As a communications officer, you’ll work at a government branch. This means good pay, short hours, and a pension. While you’ll make less than a high-powered PR professional, you’ll enjoy a comfortable salary and good job security. Your day-to-day activities will include building communications plans (such as deciding how to launch the press strategy for a new public works project), research, and writing different pieces of content such as press releases, website copy, social media updates. You’ll work on a team and collaborate with stakeholders such as elected officials, different government agencies, or community organizations.

How to get started? Typically, you’ll need to complete various writing samples that are often required in government jobs. You can see job postings by visiting your local government’s website, search LinkedIn, or set-up Google Alerts as these postings are typically published on their website.

If you’ve never had a communications role before, you can apply for an entry-level role in government and then apply to communications jobs as they come up. Or volunteer at a local nonprofit or community organization as this will give you similar experience and writing samples to help you land that first job interview.


UX is a growing industry and many History majors have found well-paying jobs with this skill. UX is an industry term for user experience—the experience a person has as they use a website, download an application or browse an e-commerce site. Don’t let the technical aspects of this career stop you—History majors can excel in this role.

UX is a design-focused role: you’ll be designing interfaces such as apps and websites. While a History degree doesn’t give you the tangible skills for this job, these skills can be acquired. There’s no shortage of excellent books, free video tutorials, local courses, and online schools to teach you.

UX is a well-paying career and very much in demand. A lot of UX designers come from different educational backgrounds. For example, the founder of this popular UX agency has a degree in journalism. During your work week, you’ll be designing wireframes, doing light ‘front-end’ coding, and making things look pretty in Photoshop and Indesign.

A good way to get started is to start mastering the tools of the trade. These tools are wireframing software such as InVision, Photoshop, and Indesign. Nobody will hire you if you’ve never used those tools before. You need to master them.

The next step is to take a few courses, read a few books, and read blogs such as Smashing Magazine. This is a career for self-starters. Nobody cares what your degree is. They care about whether you can do good work, so start mastering tools and building a portfolio.


Every large organization collects a lot of data. From social media chatter to NPS data (a metric used to monitor the loyalty of customers), companies need to analyze customer opinion and monitor the health of their brand. A customer insights manager (also called a customer research analyst or customer data analyst or customer analytics specialist) helps to manage all of this data, sorting information from around the organization into meaningful reports about customers.

History majors excel at research, so there are lots of job opportunities to enter this field. It’s a myth that you need a business degree or marketing communications degree to obtain these types of analyst roles in organizations. While an MBA or economics degree is no doubt desirable, History majors can develop these skills.

In your work, you’ll spend a lot of time analyzing, presenting, and making recommendations based on customer data. One day, you might analyze data from a company’s NPS software system. The next, you might prepare a presentation about common customer problems with a new product, making recommendations to other managers and directors.
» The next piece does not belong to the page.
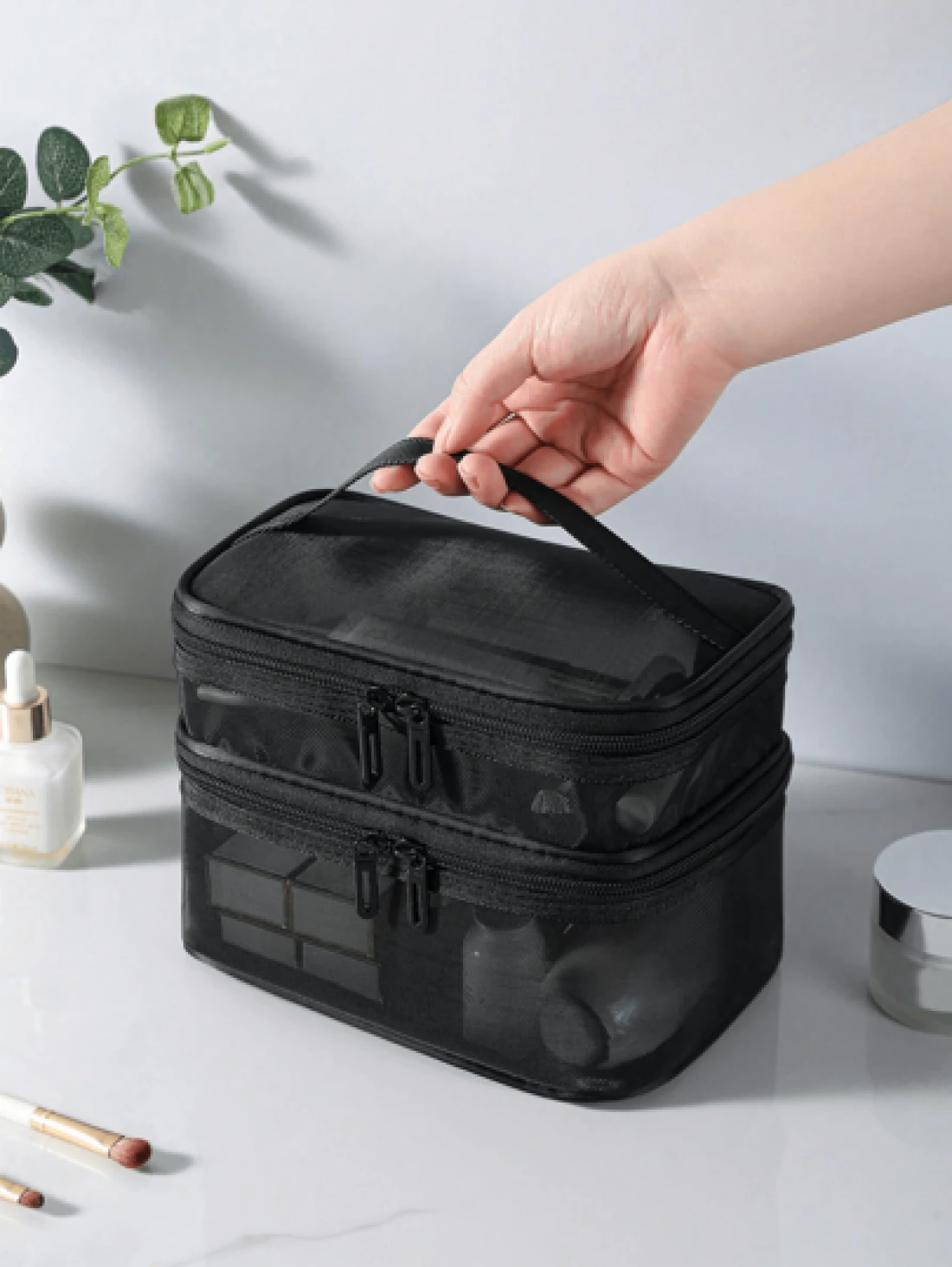 حقيبة مستحضرات التجميل متعددة الوظائف قطعة واحدة ، حقيبة منظم مكياج محمول ، حقيبة أدوات تجميل للسفر مقاومة لل

To get started, you’ll need to take a few online courses and search for entry-level jobs in this field. Udacity, for example, has an excellent free course in customer analytics. Udacity also has a few paid courses taught by talented professors. Start following jobs on LinkedIn with this title and develop the skills demanded by the role.


As companies create more content (from website updates to product infosheets to branded campaigns), there is a need to govern and control the quality of this content. This rise in content creation has created a new type of editor.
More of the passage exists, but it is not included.